Dublin has third lowest level of low-cost housing in world

Just 1.23% of properties in Dublin are on the market for less than half the median price, report says

According to the Central Statistics Offce’s latest Property Price Register, Dublin had the highest median price for a home in the State at €435,000 in the year to March
According to the Central Statistics Offce’s latest Property Price Register, Dublin had the highest median price for a home in the State at €435,000 in the year to March

Dublin has one of the lowest concentrations of low-cost or affordable homes in the world, according to price comparison website MoverDB.com.

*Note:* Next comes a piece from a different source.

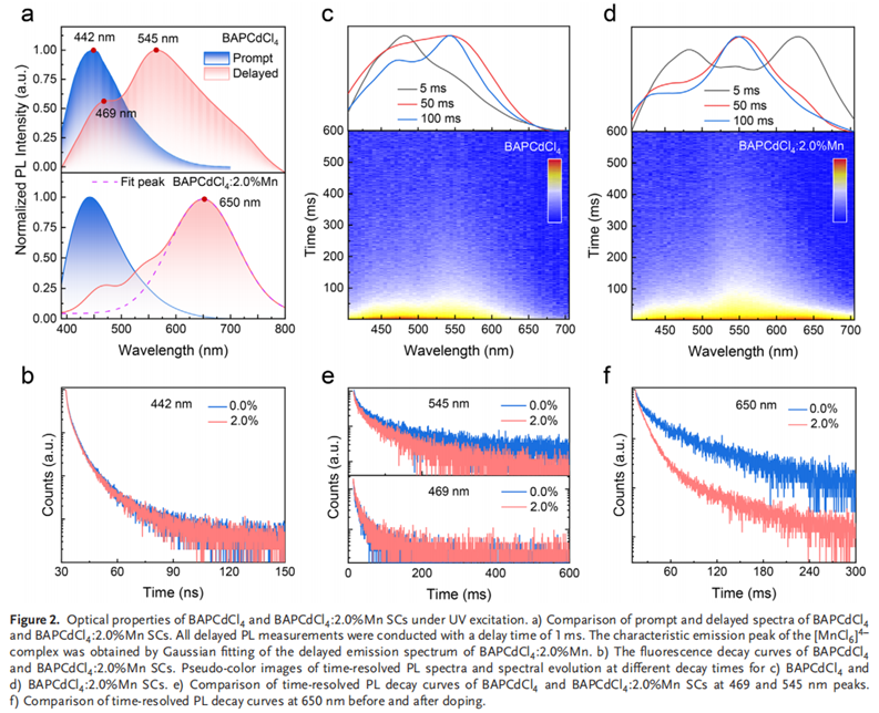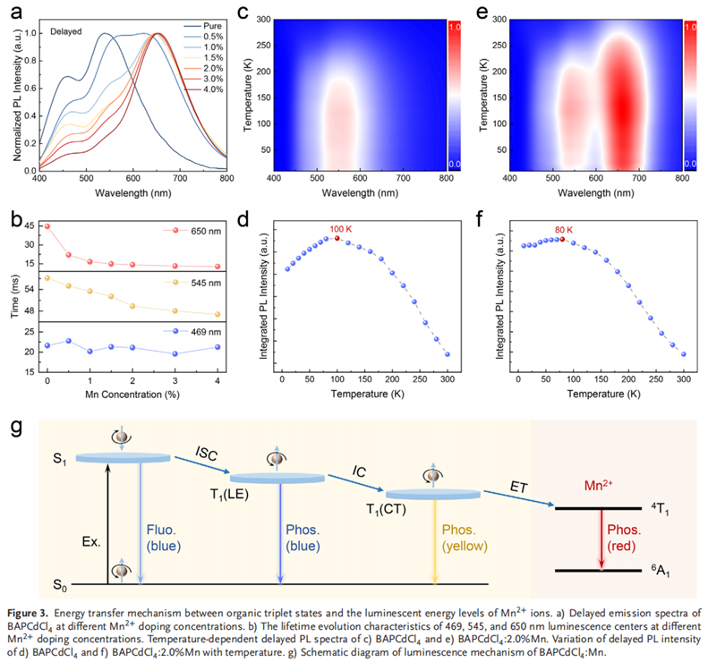 1、能量转移调控室温磷光寿命:通过在室温磷光材料BAPCdCl4中引入Mn2+离子,构建了从有机配体三重态向Mn2+的4T1能级的高效能量转移通道,在保留基体于紫外激发下蓝光发射特性的同时,实现了对RTP寿命的精确可控调节。

The company analysed price trends in capital city real estate markets to gauge the balance of low-cost and high-cost homes. It found that just 1.23 per cent of properties in Dublin are on the market for less than half the median or middle price of homes in the capital.

This was the third lowest proportion of any capital city behind Nicosia in Cyprus (0.35 per cent) and Budapest in Hungary (0.67 per cent) and reflects the affordability gap currently faced by prospective buyers in Dublin.

According to the Central Statistics Office’s latest Property Price Register, Dublin had the highest median price for a home in the State at €435,000 in the year to March. Within Dublin, Dún Laoghaire-Rathdown had the highest median price (€635,000), while Fingal had the lowest (€405,000).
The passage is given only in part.